What has been the response from taxpayers to all this? They now treat the deduction at source of Advance Tax as a cost and not as an adjustment. The reason for this is evident in the non-payment of refunds or inordinate delay in payment of refunds by the State which has become more acute with the passage of time.
And collection of revenue has no bearing with our bloated expenditure. Therefore, we always overstate revenue and understate the expenditure to show the fiscal deficit below 5 percent which is said to be a sustainable figure. And, at the end of the year, we opt to seek approval of supplementary grants. This is indeed the reality.

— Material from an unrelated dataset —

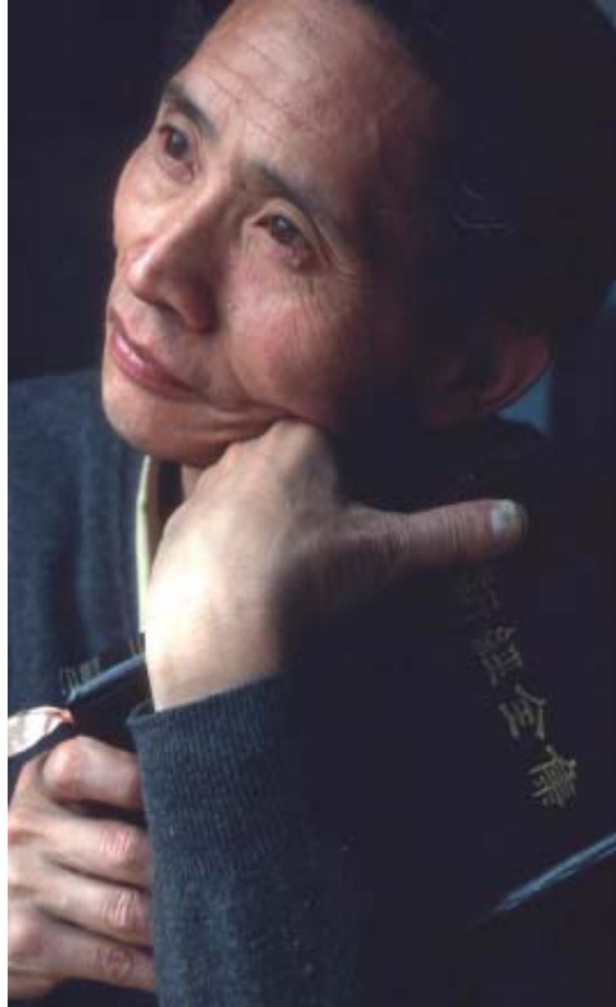
A Chinese pastor clutching his Bible.

In this issue we would like to examine the overall story of Bibles in China. We hope it will be helpful and informative to you.

Once the fiscal deficit target is agreed with our lenders and the administrative or recurring cost of running the country estimated, a target for revenue collection is supposedly fixed instead of being estimated.
This target is distributed – by FBR – among various revenue heads and respective members distribute to their underlings. This methodology is unheard of in developed economies.
If, indeed there is no solution to this and we intend to continue doing it then revenue targets need to be on gross basis and not on net basis as it leads to corrupt and other unsavoury practices and also lies at the root of withholding of refunds of business.
In turn, it forces these companies to borrow – to keep themselves liquid to run their businesses and also adversely impacts tax collection. Top revenue officials are seen begging big taxpayers to pay advance tax prior to end-June in order to come close to their target and take an adjustment in July, ie, beginning of the next financial year. A shortfall in revenue is thus built into the system from its onset.
Economists, analysts and tax advisors have all kinds of short-, medium- and long-term solutions. But they are not the ones who have to meet the pay-roll and keep the businesses ticking. It is businesspeople who know better since they face this real problem head-on.
They are no angels either. They are forced to cut corners. They are perhaps the most generous as they give a far bigger share of their income to charities than any other class. That is why Pakistanis are considered as a charitable lot but the world regards them with low esteem when it comes to tax collection.
Therefore, our taxation system needs to be overhauled. People must see and feel that their taxes are working for them. And, improving the quality of their life. When people are forced to spend money to buy civic amenities such as clean drinking water and keep a private army of guards to protect themselves and their loved ones, they then question whether or not the state doing anything for them. Non-taxpayers need to feel shunned and see taxpayers are respected and not hounded.
Only then will the non-taxpayer be incentivized to join the list of taxpayers. We need to keep the differentiation in rate for filer and non-filer. If the rate for non-filer is punitive, only then will it not be passed on. And, it would encourage a non-filer to become a filer.
According to the plea of retailers, it is not they do not want to pay taxes and willingly accept that they have been stealing tax by under reporting their turnover. “If all of a sudden their turnover goes up – they would end up attracting the revenue hound who would want a piece of meat for himself by subjecting them to all kinds of audit.
They would be hard pressed to justify their total expenses paid for by their hidden income. The Finance Minister needs to be cognizant of this challenge and needs to build their trust and bring them into the tax net gradually. He will also be required to keep his tax hounds away from them.